Empresários mentores do neoliberalismo e do fascismo trataram anúncio da candidatura Lula como prenúncio de fim de mundo; é o contrário
Paulo Cannabrava Filho
Diálogos do Sul Global
São Paulo (SP)

Tradução:

O simples anúncio de que as reformas da Previdência e do Trabalho podem ser revogadas deixou em polvorosa setores empresariais, mentores do neoliberalismo e do fascismo que se apoderou do poder, como prenúncio de fim de mundo. 

Isso merece reflexão à luz dos fatos históricos e dos resultados mensuráveis no desenvolvimento econômico. 

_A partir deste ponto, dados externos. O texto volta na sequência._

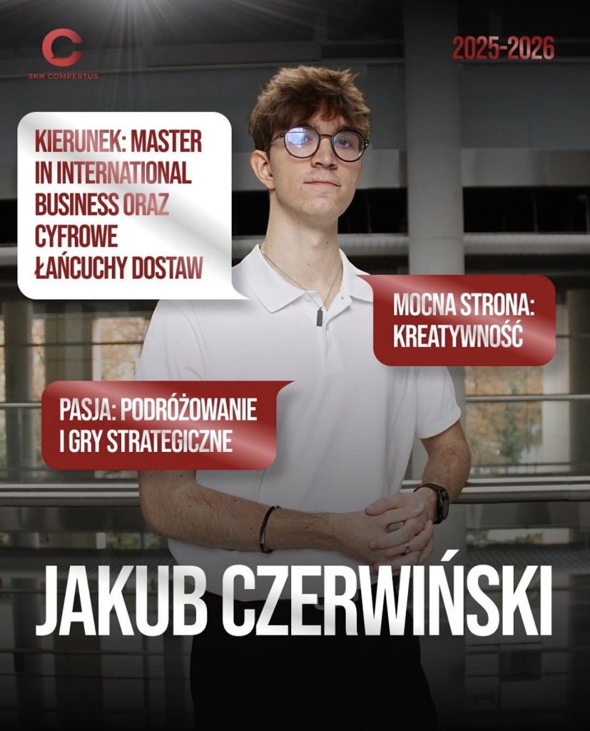 Jakub to doświadczony lider, który obecnie wspiera zarząd swoją wiedzą merytoryczną jako Pełnomocnik. Studiuje jednocześnie dwa kierunki magisterskie: Master in International Business oraz Cyfrowe Łańcuchy Dostaw, a doświadczenie międzynarodowe zdobywał podczas wymiany Erasmus w Holandii. W przeszłości pełnił funkcje Przewodniczącego i Wiceprzewodniczącego koła, realizując ambitne projekty dla takich marek jak Volkswagen (Gra Agile), Petsy czy Spring Forth Food. Jest również uczestnikiem III edycji programu SLL UEP.

Não há como eludir das quatro décadas perdidas a partir do Consenso de Washington. Recessão, desemprego, desmontagem do Estado e do setor produtivo industrial nos trouxe para esse fundo de poço em que estamos, de estagflação, e metade da população na pobreza e sem futuro.

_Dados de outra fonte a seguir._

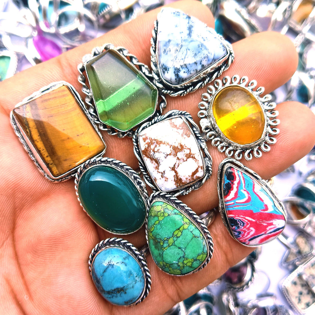 Buy Tiger Eye & Mix Gemstone 925 Sterling Silver Plated 500pcs Rings Lot Lovely Jewelry
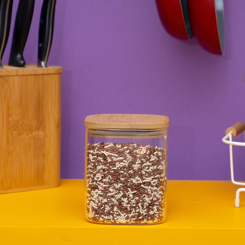 Pote de vidro 800ml com tampa de bambu hermético quadrado - Tüd
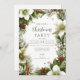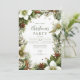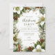Traga elegância eterno aos seus cartões de natal com este design de Natal verde e branco. Apresentando flores de inverno, galhos de pinheiros verdes e sotaques naturais suaves, ele captura perfeitamente o charme pacífico da estação. A combinação de flores delicadas e verde rústico faz dela uma escolha refinada, mas acolhedora, para espalhar alegria festiva.
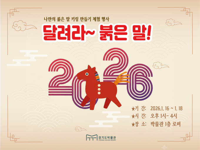 [수원=뉴스핌] 박노훈 기자 = 경기문화재단 경기도박물관은 병오년 새해를 맞아 관람객을 위한 체험형 교육행사 '달려라~ 붉은 말!'을 1월 16일부터 18일까지 3일간 박물관 로비에서 운영한다고 14일 밝혔다.
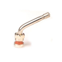 Import 554D Nickel Plated Brass Valve with Grommet (Metric) for use with aluminum wheels with a 9.7mm valve hole and a rim thickness of .218" to .330" at the valve hole. Recommended torque at installation of 80-125 in-lbs. Length from grommet to bend of the of the valve is 0.98". Length from bend to the top of the valve is 1.94". Bend is 60°.

Olhando a história, vemos que passamos por décadas com altas taxas de desenvolvimento, um parque industrial que nos colocava como sétima potencia industrial, pleno emprego, liberdade sindical.

Vejam que a CLT é de 1943. Ela foi pensada por Getúlio Vargas como parte de um projeto de desenvolvimento do país. Além da promoção da indústria de base, investimento em infraestrutura, financiamento para a substituição de importações, era preciso um pacto entre o Estado, os empresários e os trabalhadores. A CLT garantia os direitos aos trabalhadores e suas organizações.

O Brasil ganhou o apelido de Belíndia: tão desenvolvido como a industrializada Bélgica e tão miserável como a Índia. Mas, o pacto e o projeto, dava certeza de que, no caminho certo, venceríamos o subdesenvolvimento. Por isso o projeto também contemplava a boa escola, a disseminação de escolas de nível técnico e universidades públicas, todas.

Empresários mentores do neoliberalismo e do fascismo trataram anúncio da candidatura Lula como prenúncio de fim de mundo; é o contrário

Flickr/ Esquerda.net
Manifestação de 1º de maio em Lisboa, Portugal, em 2016

Capital acumulado no agro coadjuvava o processo de industrialização, transformando pequenas indústrias domésticas em parque industrial de primeiro mundo. Servem de exemplo os complexos industriais que constroem refinarias, todo e qualquer tipo de maquinaria pesada e, inclusive, equipamentos bélicos para exportação. Grandes conglomerados industriais como a Votorantin, Gerdal, Ometo, Dedini, ainda estão operando e são provas cabais do potencial e da capacidade de desenvolvimento.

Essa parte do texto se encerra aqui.